T.M. Dau, Y.-A. Chen, A.J. Karttunen, E.V. Grachova, S.P. Tunik, K.-T. Lin, W.-Y. Hung, P.-T. Chou, T.A. Pakkanen, I.O. Koshevoy
“Tetragold(I) Complexes: Solution Isomerization and Tunable Solid-State Luminescence”
Inorg. Chem., 2014, accepted
DOI: 10.1021/ic501470v
In this study, a new family of tetranuclear gold(I)triphosphine derivatives bearing alkynyl and thiolate groups have been efficiently synthesized by treating the polymeric acetylides (AuC2R)n or a thiolate (AuSPh)n sequentially with the (a) phosphine ligand and (b) cationic complex [Au3(P^P^P)2]3+ (P^P^P = PPh2CH2PPhCH2PPh2). The clusters [Au4(P^P^P)2(C2R)2]2+ [R= Ph (1), biphenyl (2), terphenyl (3), C6H4OMe (4), C6H4NMe2 (5), C6H11O (6), and C6H4CF3 (7)] and [Au4(P^P^P)2(SPh)2]2+(8) were characterized by X-ray crystallography in the solid state.

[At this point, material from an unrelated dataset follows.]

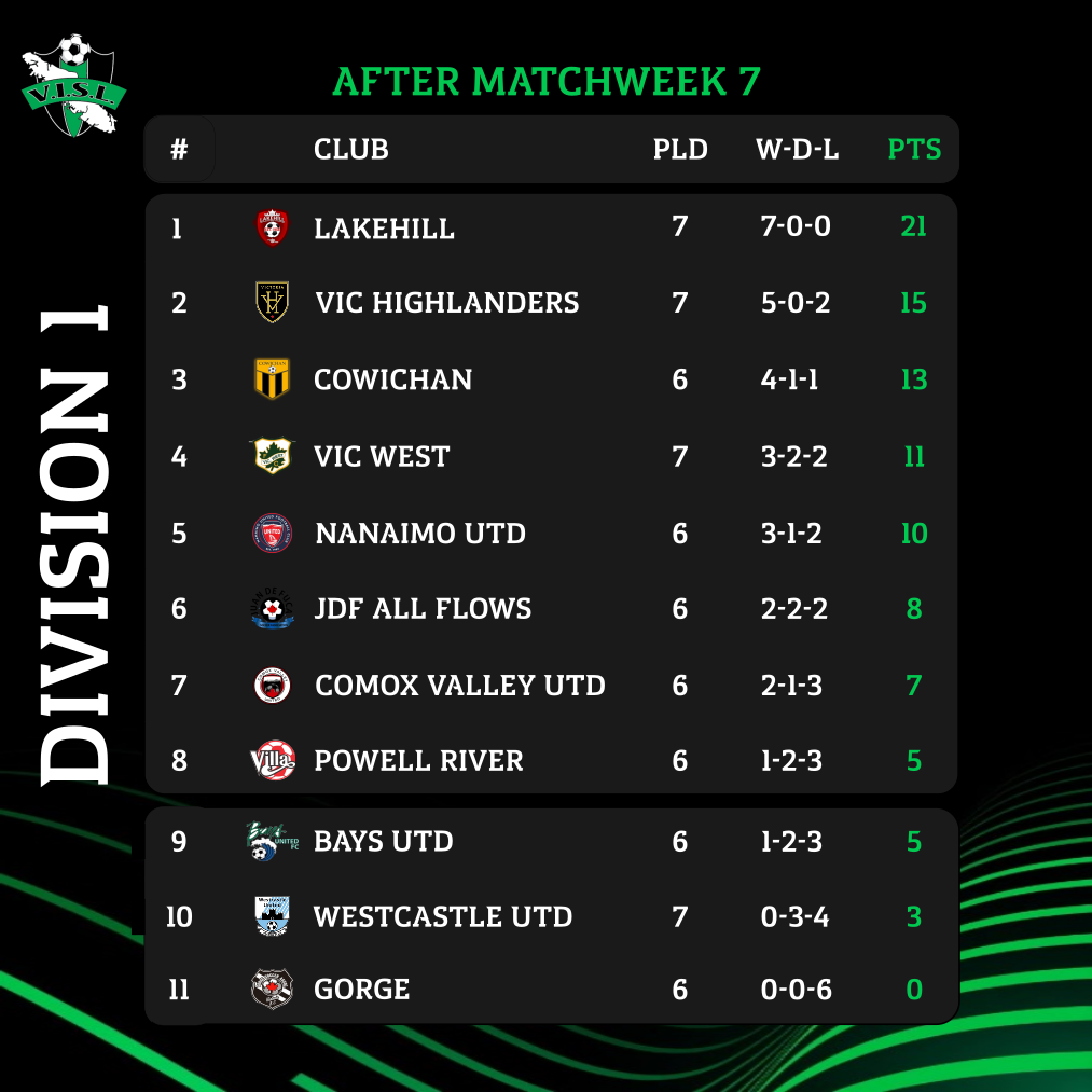 The highlight Match of the Week sees Lakehill hosting Victoria Highlanders. Top of the table and undefeated Lakehill were a little exposed against a young Westcastle squad – did they make some adjustments? Highlanders slipped a notch as they went down to a seasoned Vic West squad last week.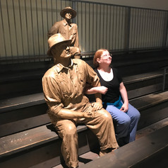 In 2002 the restoration on the bus was complete, and Rosa Parks, a Detroit native, was brought to the museum for the unveiling. At 89 years old, she boarded the bus, and once again sat in the exact same seat she once did all those years ago, which is pictured below. Man, I wish I could have been there to witness her reuniting with that bus! Also of interest during Obama’s re-election campaign, he visited the Rosa Parks bus, but said he did not feel worthy to sit in the seat she once did. He sat in the seat next to where she sat which is pictured below. We were pleased to learn visitors were allowed to enter the bus, and to sit in the seats while we were taught the history of the Rosa Parks Bus by a guide. It was an honor, privilege, and forever memorable experience for me to sit in the exact seat where Rosa Parks once did, which is pictured below. This has been hands down the most powerful and memorable moment in my trip! Lori decided to sit in the seat that President Obama did during his visit, which is also pictured below.

NMR spectroscopic investigations in solution revealed that the majority of alkynyl clusters 1−7 exist as two isomeric species in slow chemical equilibria. All complexes 1−8 exhibit moderate-to-strong photoemission in the solid state with quantum yields from 0.07 to 0.51. The luminescence behavior was rationalized using quantum chemical density functional theory methods. The high emission efficiency of these tetragold(I) compounds and their good stability in film allowed for the fabrication of an organic electroluminescent device (OLED). Employing complex 5 (Φ = 0.51), an OLED was fabricated under a solution process to give a good external quantum efficiency of 3.1%, corresponding to a current efficiency of 6.1 cd/A and a power efficiency of 5.3 lm/W, with Commission Internationale de I’Eclairage coordinates of (0.52, 0.46).